Setting up an intervention to reduce vertical transmission of HIV may have important secondary benefits, including opportunities to reduce further heterosexual transmission by motivating women to practise safer sex, preventing acquisition of HIV infection in those identified as negative, and protecting partners in those who are positive. Knowledge of the risk of transmission to the babies of HIV infected women allows for vigilant follow up care of the infants and prophylactic medication to prevent opportunistic infections. These benefits have not been quantified in developing countries and hence are not included in the model.
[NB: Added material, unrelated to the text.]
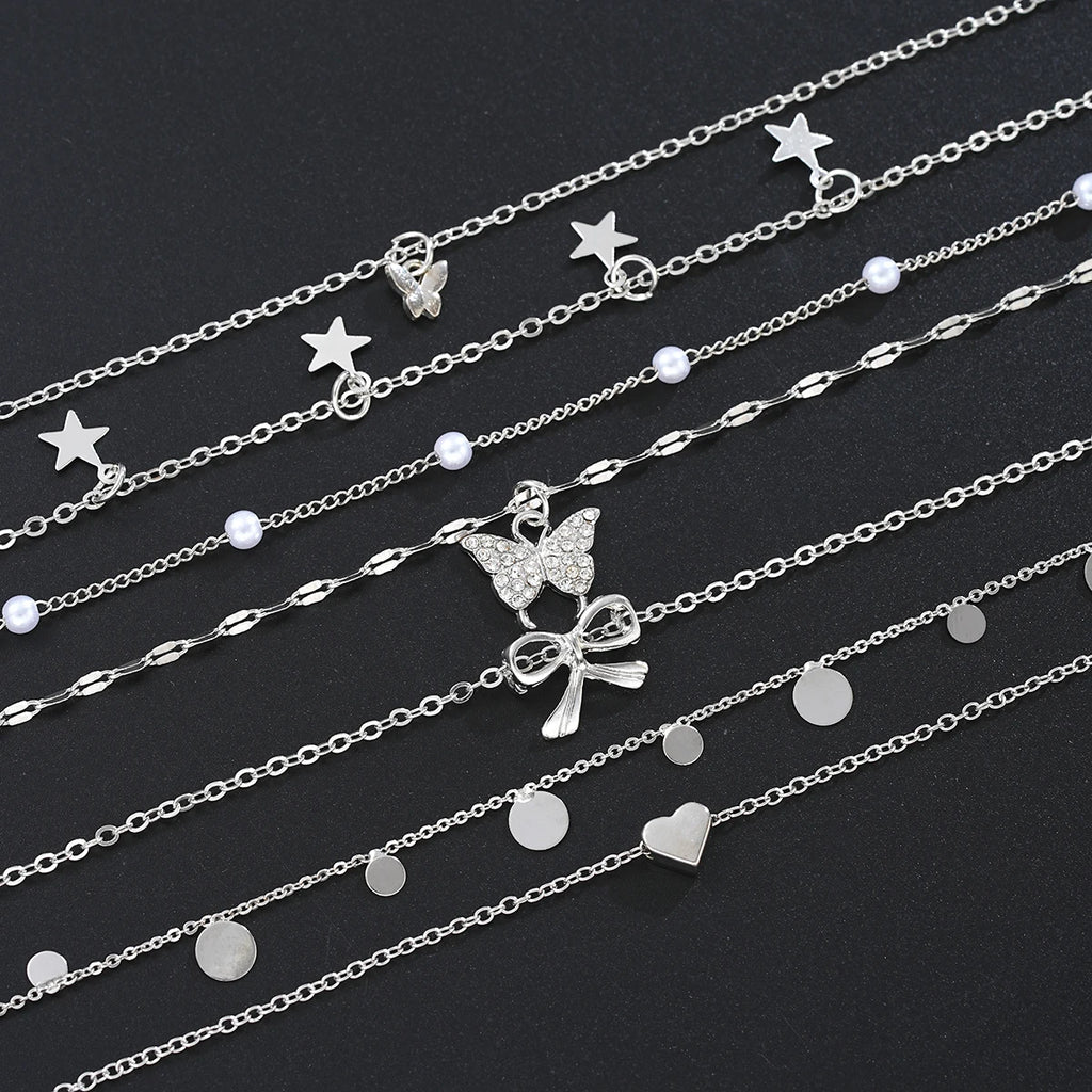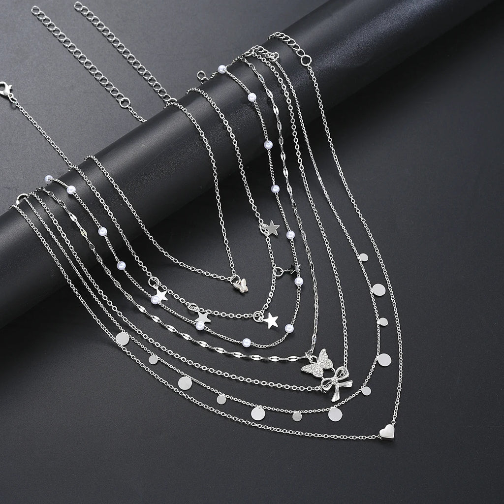 Conjunto de 7 Colares Femininos com Pingentes Estrela, Borboleta e Nó, Estilo Boho Elegante e Versátil

Critics have raised the problem and the associated costs of increased numbers of orphans if children are protected from perinatal transmission. Infected children, whether they are orphans or not, however, incur substantial costs to the health system because of repeated admissions, longer length of hospital stay and survival up to 5 years of age in many cases.27–30 Even if children are orphaned they will incur less cost to the state and remaining relatives (who are their most likely carers) if they are uninfected with HIV.
Generalisation of results
The generalisability of our results is best illustrated by sensitivity analyses. Settings with low rates of HIV infection would seem to be the most obvious relative contraindication to intervention for economic reasons. Elimination of breast feeding in settings with high infant mortality or where there is a strong protective effect of breast feeding would not be recommended as more deaths would be caused than saved by formula feeding. We believe, however, that regardless of setting women who test positive for HIV during pregnancy should be given information to enable them to make an informed decision as to how to feed their infants. The antiretroviral interventions were generally more robust in the face of changes in the various settings, with or without formula feeding. Recently published results from an antiretroviral trial in breastfeeding women support this finding.2 The scope of this paper does not allow description of all possible combinations. We would encourage anyone interested in applying the model to local conditions to contact the authors directly.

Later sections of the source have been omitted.